The validation results on the simulated Hi-C data, which were generated according to different settings of the trapping rate αt (see Supplementary Methods). (A) The comparisons of Pearson correlations between GEM and other modeling methods, including the MDS (29,30) based model, ChromSDE (17) and ShRec3D (18). (B and C) show the typical examples of the simulated Hi-C maps and the corresponding distributions of the simulated interaction frequencies as αt increases, respectively. In the simulated Hi-C maps, the axes denote the genomic loci (1 Mb resolution) and the values of the entries indicate the simulated interaction frequencies. In the histograms, the x axes denote the interaction frequencies obtained from the Hi-C maps and the y axes denote the numbers of data points falling into individual interaction frequency intervals.

Validation on experimental Hi-C data

We then evaluated the modeling performance of GEM on experimental Hi-C data (7,14). We first used Pymol (45) to visualize the overall ensemble of the chromatin conformations reconstructed by GEM, taking human chromosome 14 at a resolution of 1 Mb as an example (Figure 3A). The modeled 3D organizations of chromosomes can provide a direct and vivid visualization about the 3D spatial arrangements of chromosomes, which may offer useful mechanistic insights about the 3D folding of chromatin structure and its functional roles in gene regulation. Through simple visual inspection of the ensemble of four chromatin conformations reconstructed by GEM (Figure 3A), we observed that they displayed similar but not identical 3D spatial organizations. In addition, we found that they are all organized into alike obvious isolated regions that agreed well with those identified from the Hi-C map. Such consistency of domain partition also suggested the reasonableness of the chromatin conformations reconstructed by GEM. Also, the similar domain partitions of different conformations were consistent with the previous studies (28,46,47) that topological domains are hallmarks of chromosomal conformations in spite of their dynamic structural variability.

Figure 3.

Figure 3.

The chromatin structure modeling results on human chromosomes under 1 Mb resolution. (A) Visualization of the computed ensemble of human chromosome 14. The four conformations {s(1), s(2), s(3), s(4)} in the derived ensemble are shown in red, blue, green and orange, respectively.
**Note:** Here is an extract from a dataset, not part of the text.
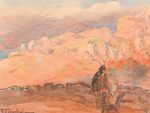 Aquarelle, signée en bas à gauche, 23 x 65, baguette bois doré.

The middle shows the superimposition of all four conformations, which were all aligned using the singular value decomposition (SVD) algorithm (54). The three large isolated regions (α, β, γ) which can be facilely distinguished from the reconstructed 3D conformations were consistent well with those detected based on the original Hi-C map (see (C)). (B) The 10-fold cross-validation results for human chromosome 14, in which the scatter plot of the reconstructed Hi-C data derived from the modeled structures vs. the original Hi-C data is shown. (C, D) The original interaction frequency map derived from experimental Hi-C data and the reconstructed Hi-C map predicted by the modeled structures for human chromosome 14 in the 10-fold cross-validation results, respectively. In the Hi-C maps, the axes denote the genomic loci (1 Mb resolution) and the values of the entries indicate the experimentally measured (C) and predicted (D) interaction frequencies, respectively. (E) Bar graph depicting mutual validation by two sets of experimental Hi-C data for individual 23 human chromosomes, which were collected using two different restriction enzymes (i.e., HindIII vs. NcoI), respectively. (FG) Comparison results between different modeling methods, in terms of the agreement between experimental and predicted Hi-C data and the conformational energy, respectively.

Next, we performed a 10-fold cross-validation procedure to assess the modeling performance of GEM on experimental Hi-C data (see Supplementary Methods). Our 10-fold cross-validation on human Hi-C data demonstrated that GEM was able to reconstruct accurate 3D chromatin structures that agreed well with the hold-out test data. For example, the predicted Hi-C data of human chromosome 14 inferred from the reconstructed conformations were consistent with the original experimental Hi-C data, with the Pearson correlation above 0.93 (Figure 3BD).

We also conducted a mutual validation based on different Hi-C datasets collected from distinct experimental platforms. In particular, we chose two Hi-C datasets (7) that were collected using two different restriction enzymes (i.e., HindIII versus NcoI). These two datasets were fed into GEM separately and their modeling results were then evaluated by cross examining the correlations between the chromatin structures reconstructed from individual datasets. Such a mutual validation indicated that GEM was able to elucidate accurate chromatin structures that were consistent with the other independent dataset, achieving the Pearson correlations of distance matrices close or >0.8 (Figure 3E).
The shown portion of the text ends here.